Given data
**********
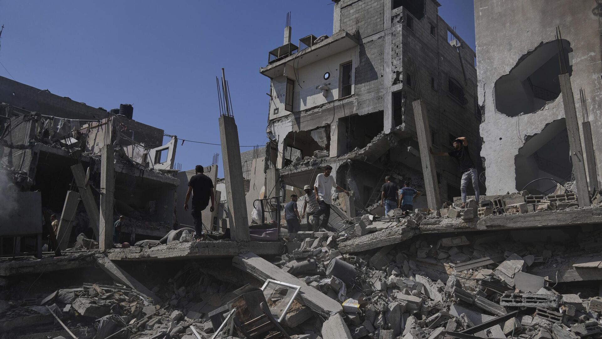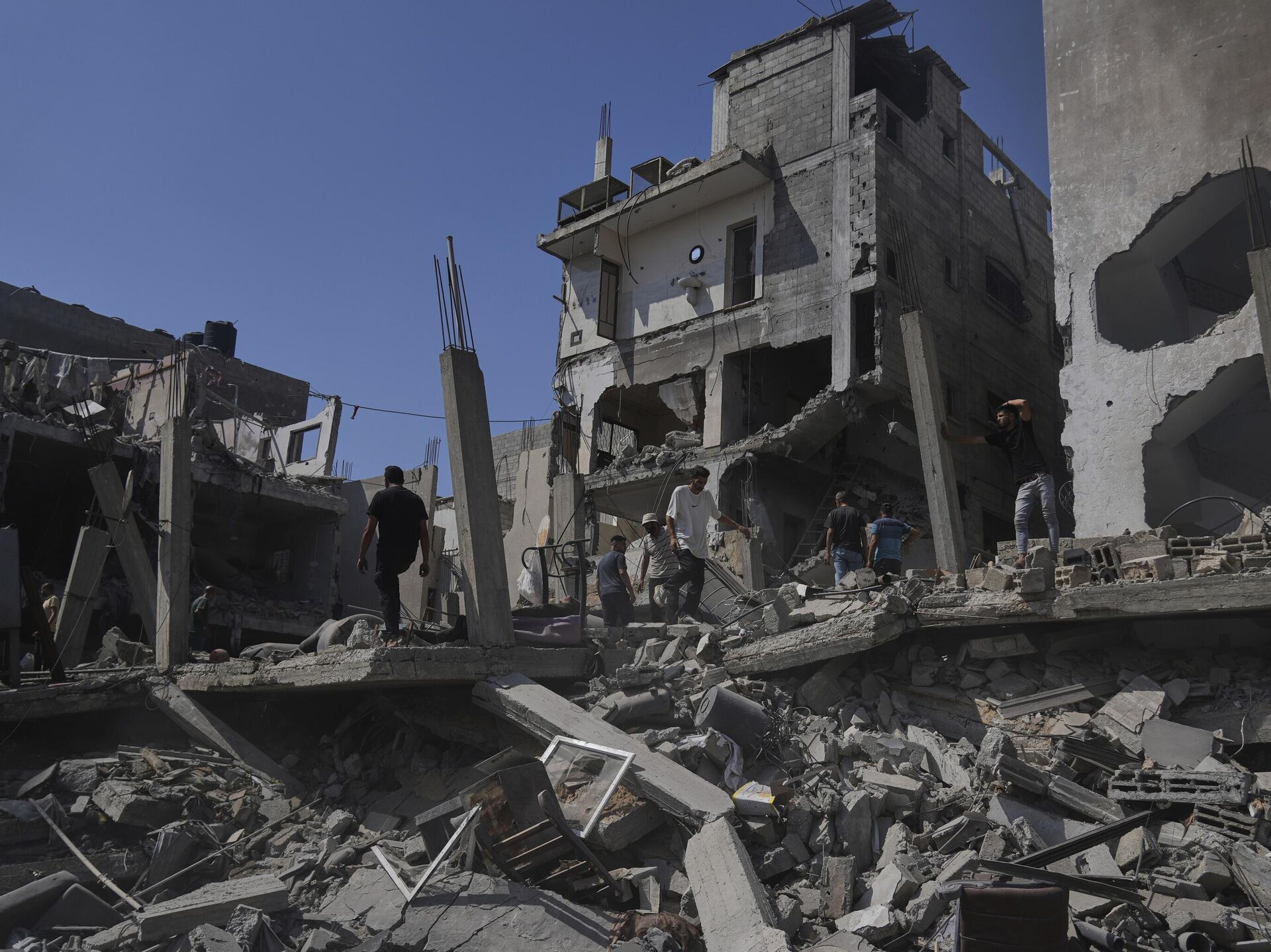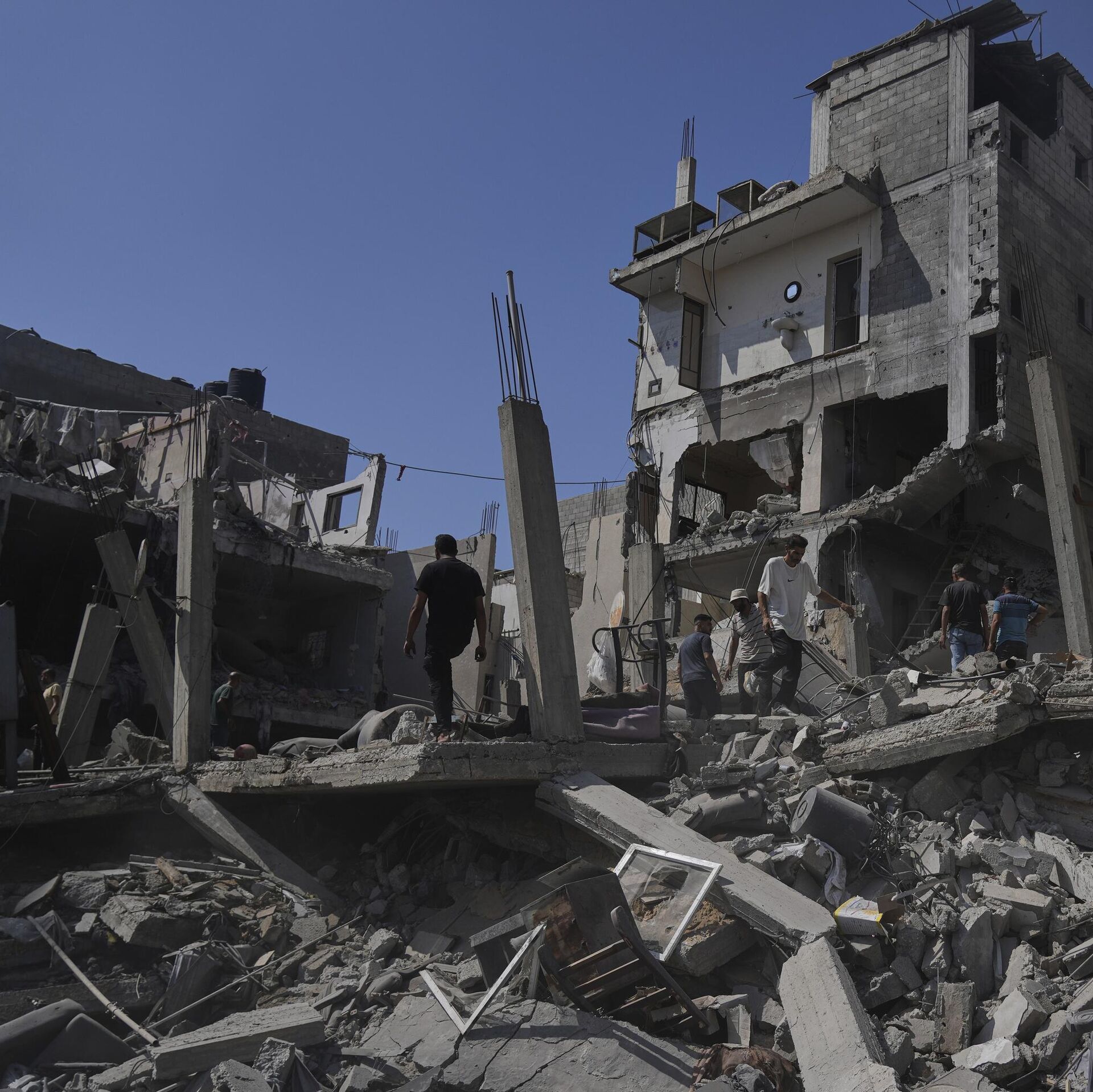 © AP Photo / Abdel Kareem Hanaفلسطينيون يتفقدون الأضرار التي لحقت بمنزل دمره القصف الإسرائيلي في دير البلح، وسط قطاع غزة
**********
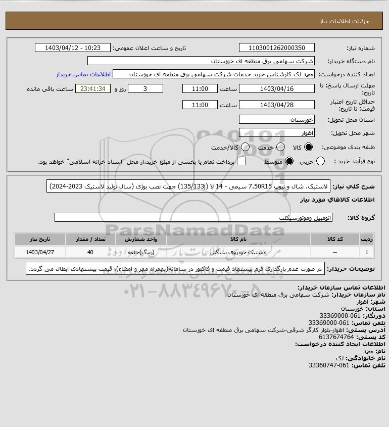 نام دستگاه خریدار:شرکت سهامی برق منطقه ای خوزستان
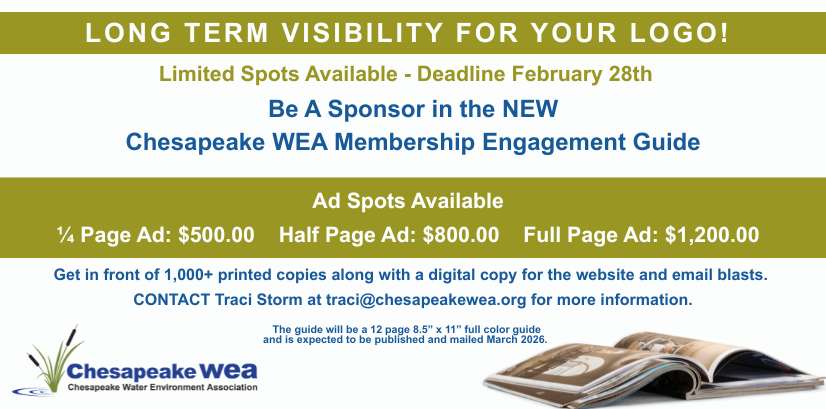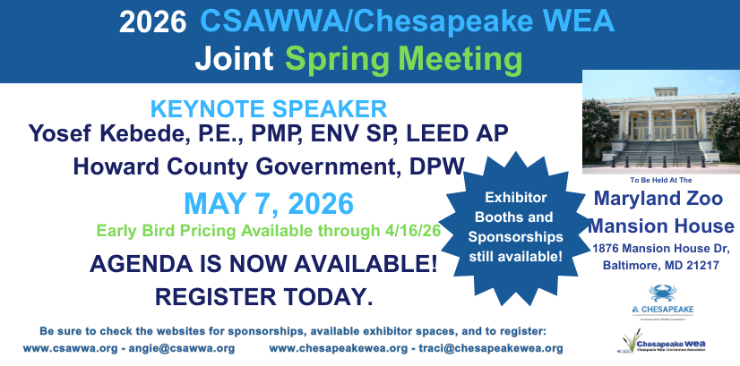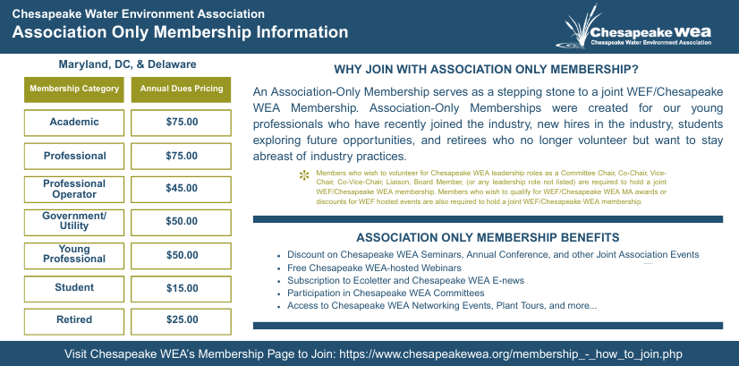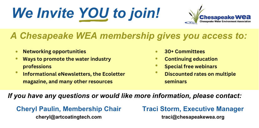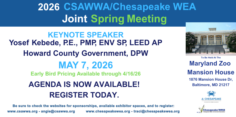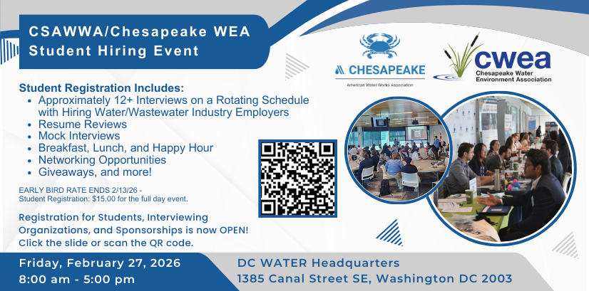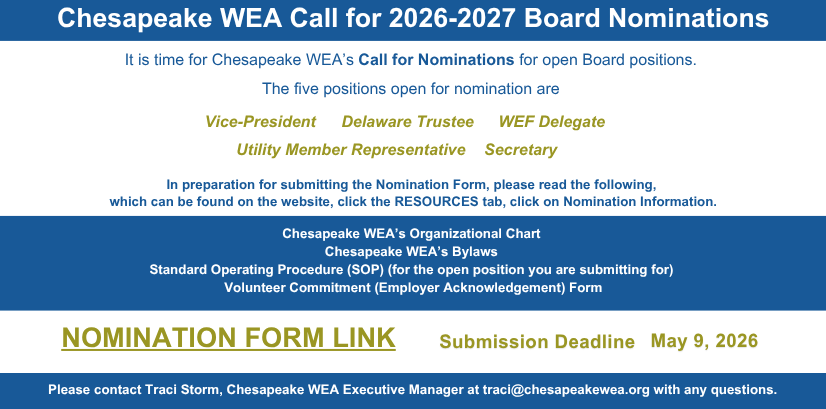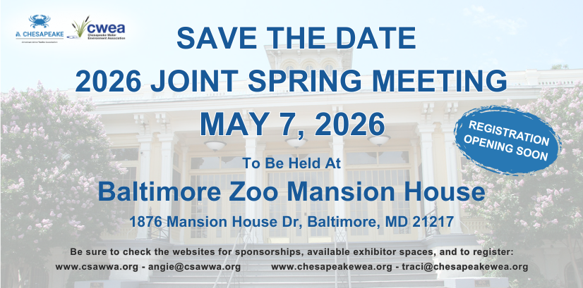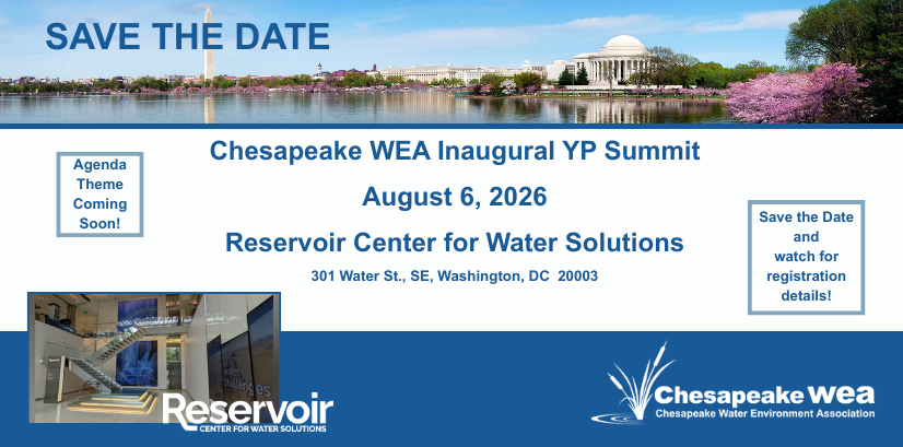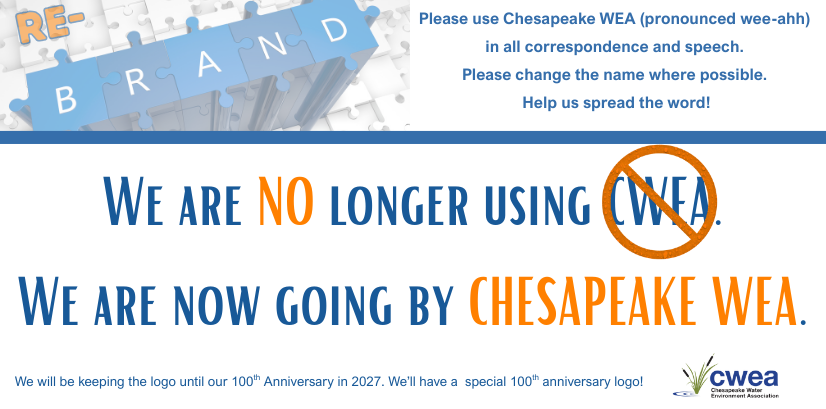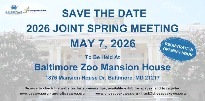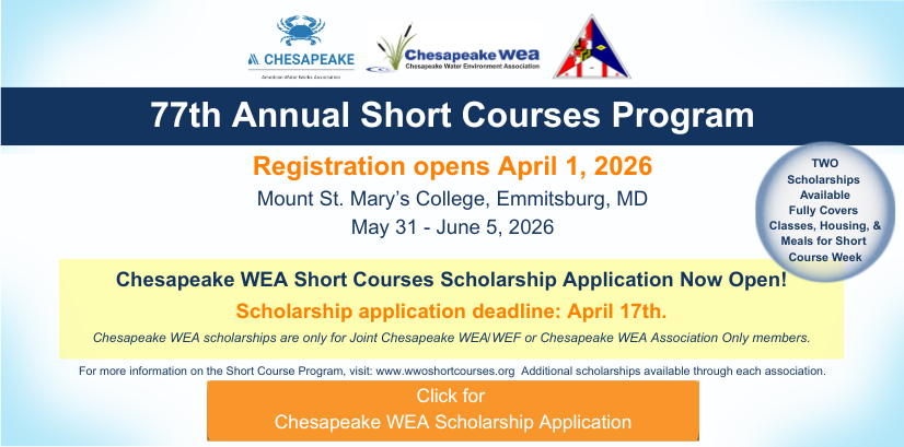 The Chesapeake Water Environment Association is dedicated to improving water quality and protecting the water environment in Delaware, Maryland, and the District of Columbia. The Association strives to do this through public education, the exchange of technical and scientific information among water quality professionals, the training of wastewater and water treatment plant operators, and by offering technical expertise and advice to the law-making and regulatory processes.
**********
What the exercise asks
Please repeat the lines of the material above exactly, starting with the line that contains "نام دستگاه خریدار:شرکت" and ending with the line that contains "The Chesapeake Water". Leave the pictures out.

Answer for this exercise
 نام دستگاه خریدار:شرکت سهامی برق منطقه ای خوزستان
 The Chesapeake Water Environment Association is dedicated to improving water quality and protecting the water environment in Delaware, Maryland, and the District of Columbia. The Association strives to do this through public education, the exchange of technical and scientific information among water quality professionals, the training of wastewater and water treatment plant operators, and by offering technical expertise and advice to the law-making and regulatory processes.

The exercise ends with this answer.